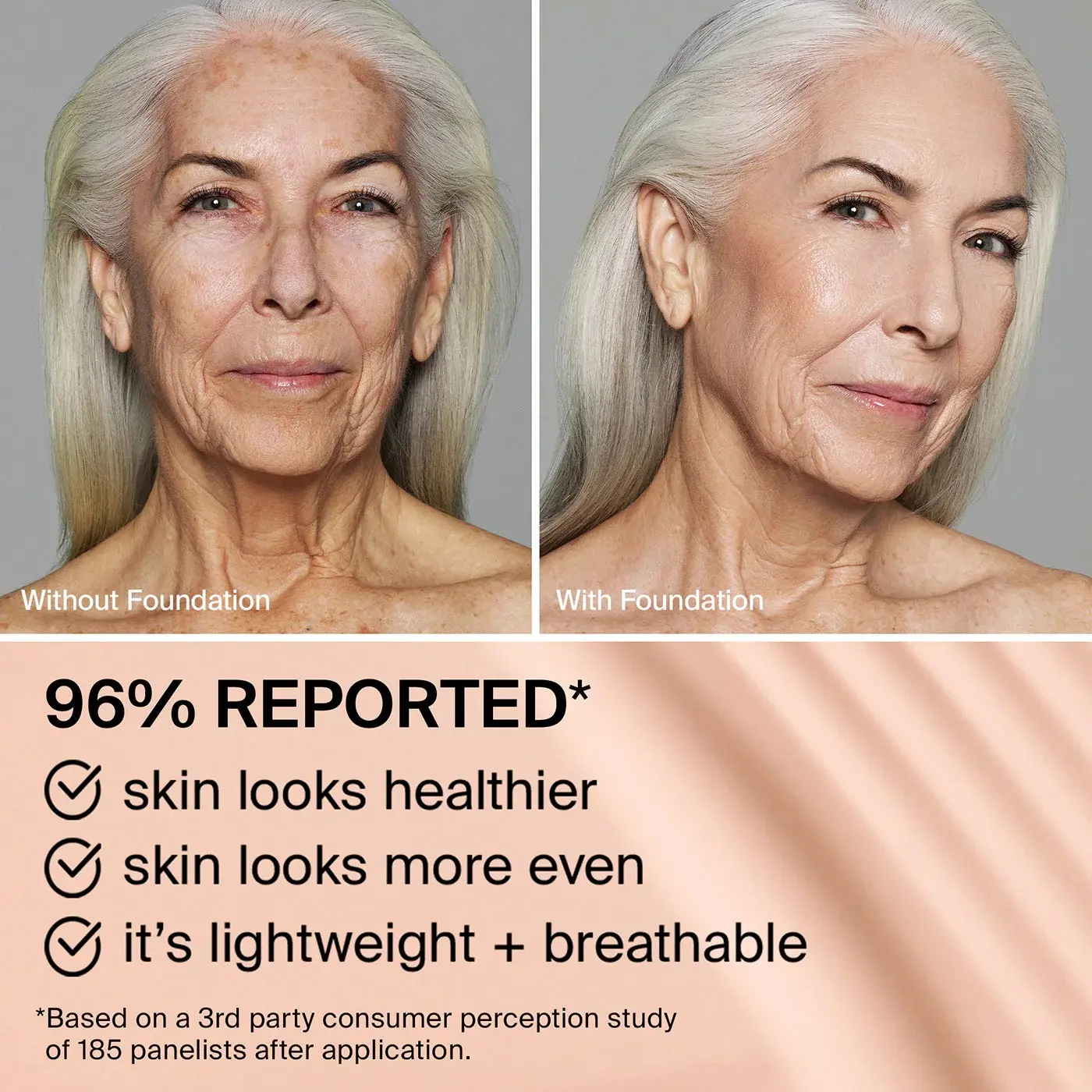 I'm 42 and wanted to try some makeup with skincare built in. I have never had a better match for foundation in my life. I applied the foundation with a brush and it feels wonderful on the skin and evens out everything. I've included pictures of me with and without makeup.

---

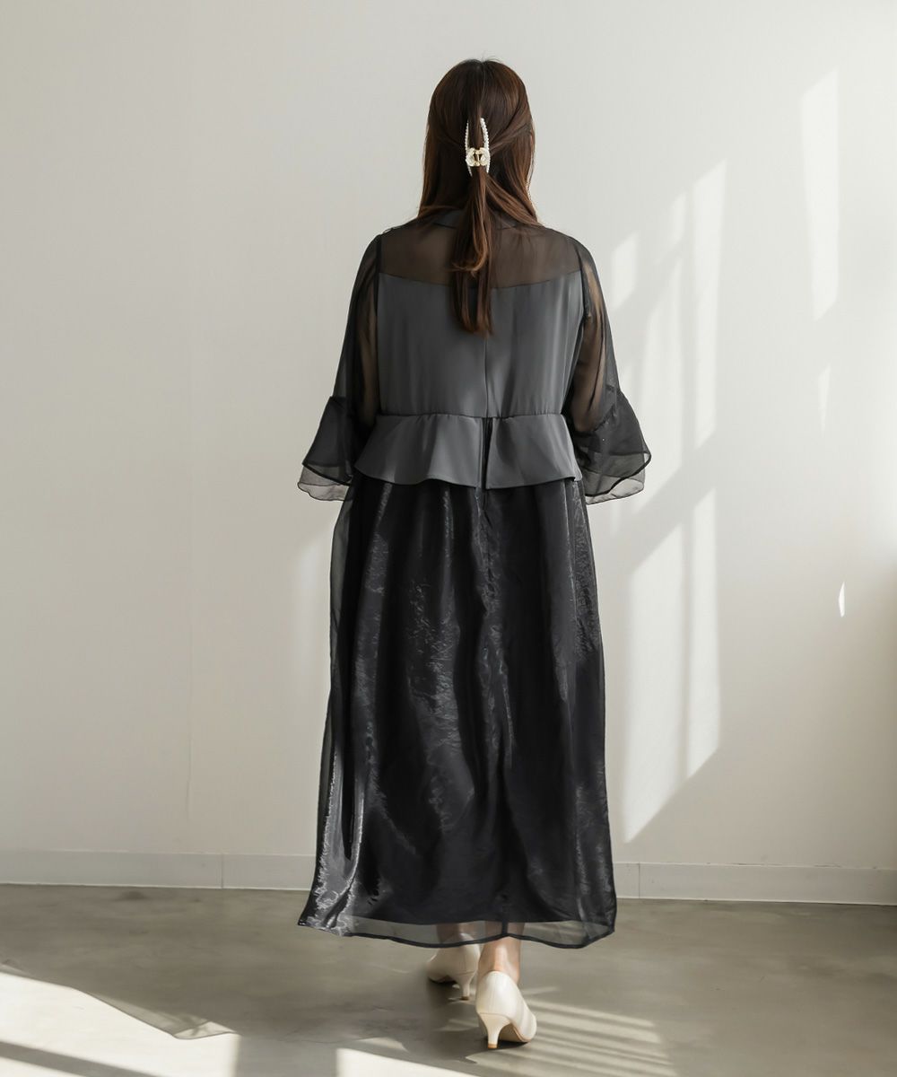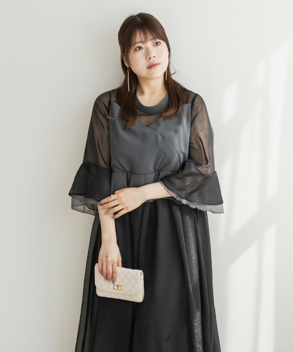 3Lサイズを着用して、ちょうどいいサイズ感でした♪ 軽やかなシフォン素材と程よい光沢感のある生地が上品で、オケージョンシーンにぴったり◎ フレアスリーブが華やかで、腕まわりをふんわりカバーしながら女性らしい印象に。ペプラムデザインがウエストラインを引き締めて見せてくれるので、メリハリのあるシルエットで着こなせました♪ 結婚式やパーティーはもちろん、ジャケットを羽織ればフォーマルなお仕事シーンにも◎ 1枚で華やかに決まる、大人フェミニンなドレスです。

...

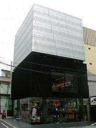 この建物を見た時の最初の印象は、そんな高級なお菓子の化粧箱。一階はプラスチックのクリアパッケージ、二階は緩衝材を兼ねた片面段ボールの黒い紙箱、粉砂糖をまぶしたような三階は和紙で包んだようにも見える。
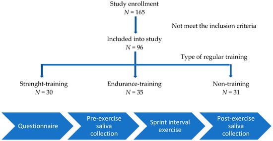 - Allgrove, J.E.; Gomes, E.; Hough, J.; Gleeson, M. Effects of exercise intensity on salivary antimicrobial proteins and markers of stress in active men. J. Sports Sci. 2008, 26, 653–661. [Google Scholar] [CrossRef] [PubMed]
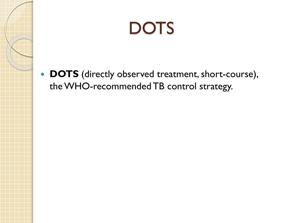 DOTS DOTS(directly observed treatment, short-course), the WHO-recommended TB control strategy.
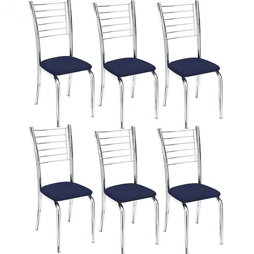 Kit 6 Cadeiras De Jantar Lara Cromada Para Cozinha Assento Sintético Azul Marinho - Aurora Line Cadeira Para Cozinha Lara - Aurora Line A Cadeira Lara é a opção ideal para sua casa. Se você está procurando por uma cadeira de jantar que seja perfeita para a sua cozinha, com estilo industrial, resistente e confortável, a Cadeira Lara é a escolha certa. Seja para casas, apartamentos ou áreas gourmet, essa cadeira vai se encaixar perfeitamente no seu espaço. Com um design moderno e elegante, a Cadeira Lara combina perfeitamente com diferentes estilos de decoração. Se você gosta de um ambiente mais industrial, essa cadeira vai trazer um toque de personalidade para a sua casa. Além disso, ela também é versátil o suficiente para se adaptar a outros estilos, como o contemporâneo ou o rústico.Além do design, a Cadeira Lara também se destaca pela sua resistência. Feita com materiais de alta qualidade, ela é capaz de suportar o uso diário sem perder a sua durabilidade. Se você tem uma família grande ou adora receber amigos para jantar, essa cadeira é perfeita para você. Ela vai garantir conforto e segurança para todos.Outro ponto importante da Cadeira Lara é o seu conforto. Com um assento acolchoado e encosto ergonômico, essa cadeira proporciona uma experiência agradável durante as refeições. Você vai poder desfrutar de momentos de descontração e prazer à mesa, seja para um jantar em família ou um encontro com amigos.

Problem to solve:
In the records above, copy exactly everything from the line that has "この建物を見た時の最初の印象" down to the line that has "DOTS DOTS(directly observed", both ends included, and leave out the pictures.

Solution to this problem:
 この建物を見た時の最初の印象は、そんな高級なお菓子の化粧箱。一階はプラスチックのクリアパッケージ、二階は緩衝材を兼ねた片面段ボールの黒い紙箱、粉砂糖をまぶしたような三階は和紙で包んだようにも見える。
 - Allgrove, J.E.; Gomes, E.; Hough, J.; Gleeson, M. Effects of exercise intensity on salivary antimicrobial proteins and markers of stress in active men. J. Sports Sci. 2008, 26, 653–661. [Google Scholar] [CrossRef] [PubMed]
 DOTS DOTS(directly observed treatment, short-course), the WHO-recommended TB control strategy.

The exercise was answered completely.